Foundation Training focuses on your core – the part of your body connected to your pelvis, whether above or below it. These include your hamstrings, glutes, and adductor muscles. Foundation Training teaches all these muscles to work together through integrated chains of movement, which is how you’re structurally designed to move, as opposed to compartmentalized movements like crunches.

Every exercise included in Foundation Training lengthens the front of your body, which is over-tightened, and strengthens the back of your body, helping you stand tall and move with grace and flexibility.

Anyone who wants to do Foundation Training must learn “The Founder,” the key basic exercise. The Founder disperses your weight through the posterior chains, helping to reinforce proper movement while strengthening the entire back of your body. This excellent exercise can help reverse the effects of frequent and prolonged sitting that may lead to back pain. To learn how to do the Founder,

To help address back pain caused by excessive sitting, I also recommend Egoscue Exercises, a series of stretches and special exercises that help restore your muscular balance and skeletal alignment. I often spend at least one hour or more doing an Egoscue exercise called “The Tower.” It’s simple – you only need to lie on the floor and allow your pelvis and thoracic spine to relax.
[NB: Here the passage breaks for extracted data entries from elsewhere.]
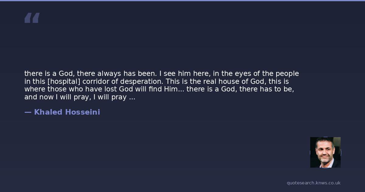 there is a God, there always has been. I see him here, in the eyes of the people in this [hospital] corridor of desperation. This is the real house of God, this is where those who have lost God will find Him... there is a God, there has to be, and now I will pray, I will pray that He will forgive that I have neglected Him all of these years, forgive that I have betrayed, lied, and sinned with impunity only to turn to Him now in my hour of need. I pray that He is as merciful, benevolent, and gracious as His book says He is.
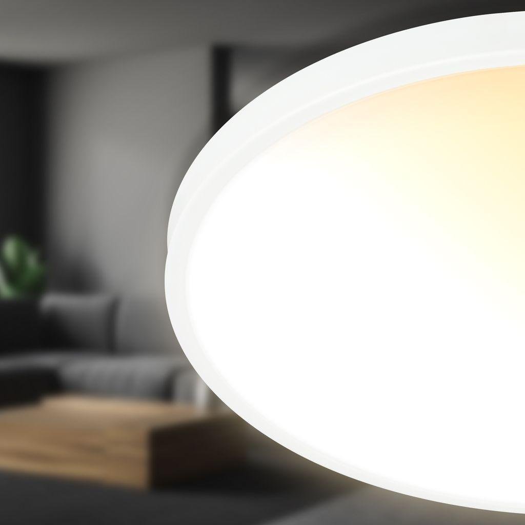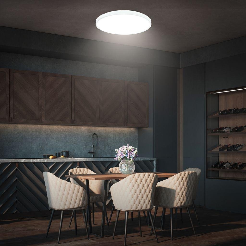 S kompaktními rozměry Ø 38 × 6 cm je svítidlo Competo ideální i do místností s nižšími stropy, kde oceníte jeho nenápadnost a čistotu linií. Dekorativní bílá obruba podtrhuje moderní vzhled a univerzálnost svítidla. Mléčný difuzor navíc zajišťuje dokonale rovnoměrné rozptýlení světla bez ostrých stínů.
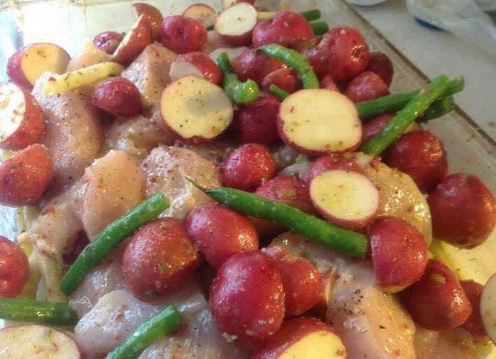 In a large bowl, combine the remaining oil, lemon juice, garlic, salt, and pepper; add the chicken, green beans and potatoes and toss to coat. Pour this mix into the pan and spread around evenly.
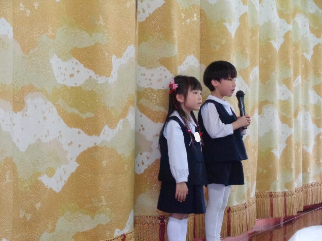 年長さんは「小さな世界」を演奏し、「こころのねっこ」を歌いました(^^♪
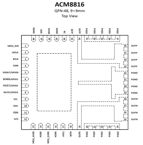 ACM8816采用QFN-48(9.0mm× 9.0mm)封裝。
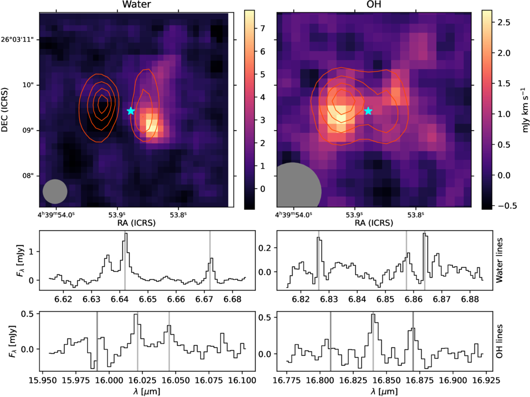 Stacked moment 0 maps for water (left) and OH (right). The contours represent the 16.0 μm continuum (for OH), and the 6.6 μm continuum (for water). The top row of spectra show the detected water lines, and the bottom row of spectra show the detected OH lines.
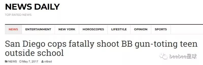 圣地亚哥条子在学校外对一名手持BB枪的少年开枪
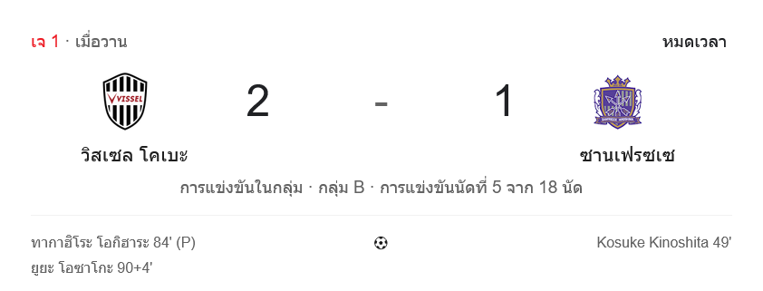- ⚽ นาที 90+4 ยูยะ โอซาโกะ ยิงประตูชัยให้วิสเซล โกเบ ชนะ 2-1
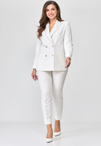 Костюм женский двухпредметный состоит из блузона и брюк. Блузон женский ассиметричного кроя, свободного прилегания. Блузон ассиметричного кроя, горловина округлая, по полочке расположена ассиметричная планка и декоративный хлястик с пряжкой. Рукав спущенный широкий укороченный с широкой манжетой по низу. Брюки асимметричного кроя, завышенной посадки, на притачном поясе с резинкой по переду брюк расположены функциональные карманы. !!! брюки разрезные по передней и задним частям брюк расположены декоративные прорези (обработанные).
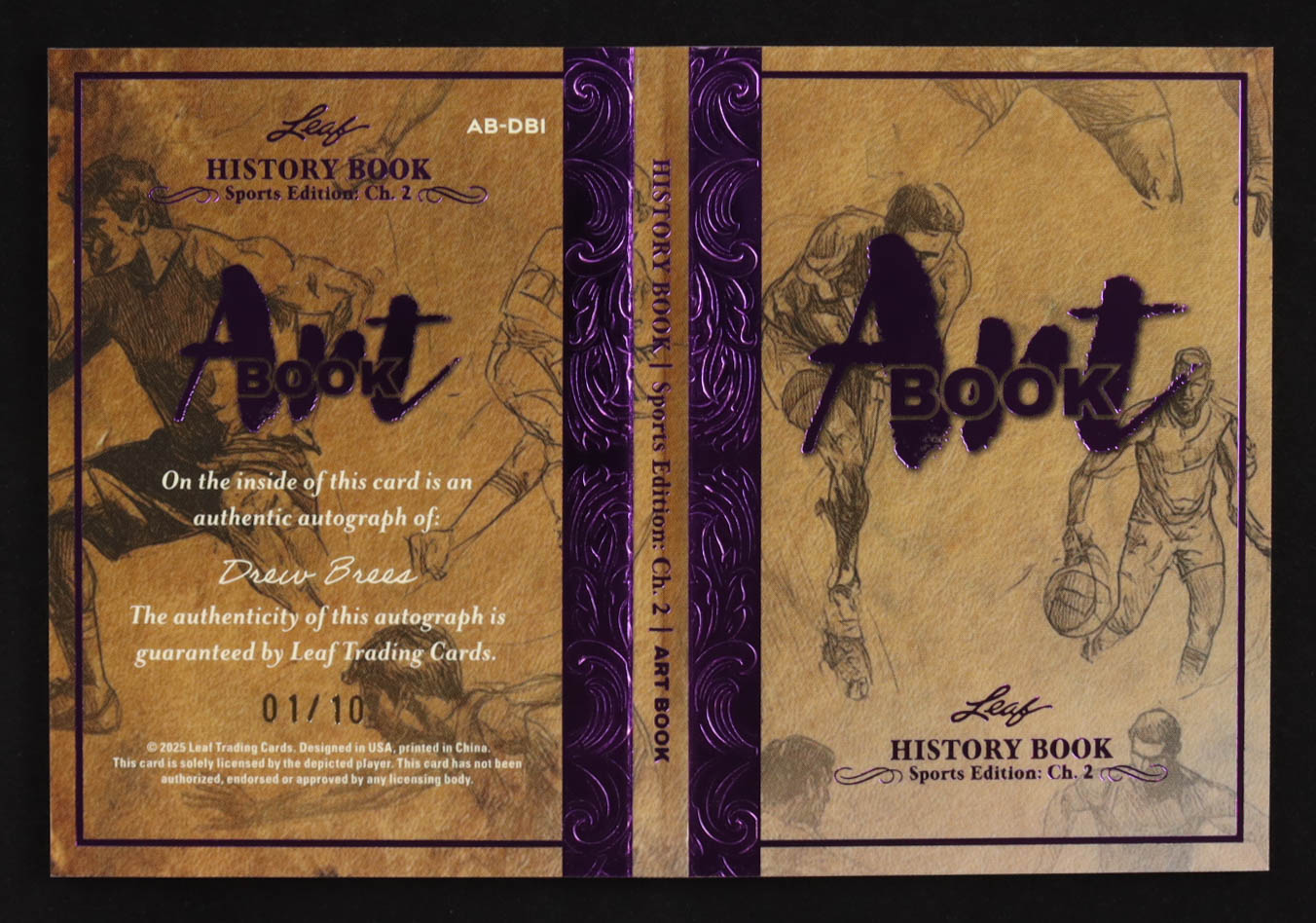 Drew Brees 2025 Leaf History Book Sports Edition Chapter 2 Art Book Purple #ABDB1 #01/10

I found this exercise tremendously helpful for treating my chronic low back pain, which is now gone.

You should also include high-intensity sessions in your exercise routine, although you only need to do these once or twice a week at the most. You should also include exercises that not only challenge your body intensely, but also promote muscle strength, balance, and flexibility. Remember to build up your abdominals to avoid back pain. And, as mentioned above, always do some stretching and warm-ups before engaging in strenuous physical activity.

Remember, though, that just because you exercise regularly doesn’t mean that you can justify your long hours spent sitting. In fact, even if you’re fairly physically active, you may still succumb to back pain and other health problems if you spend most of your day behind a desk or on the couch. This phenomenon is called the “active couch potato effect.” In order to avoid this, you must make it a habit to break the pattern of sitting as frequently as possible. Dr. Goodman says:

“Stand up throughout the day to stretch your body appropriately, the way it is meant to be stretched. The simple act of standing as tall as possible for a minute or two will help break the pattern of sitting, as long as you repeat it frequently. Be sure that while standing you take full deep breaths to expand your torso as well. We often have very shallow breath while we sit, counter that with big deep breaths as often as you can throughout the day.

My opinion is that people should not go longer than 30 minutes in a chair without standing, deep breathing, walking and stretching. If you think I am crazy for asking that much of you, then I suggest you not go longer than 20 minutes.”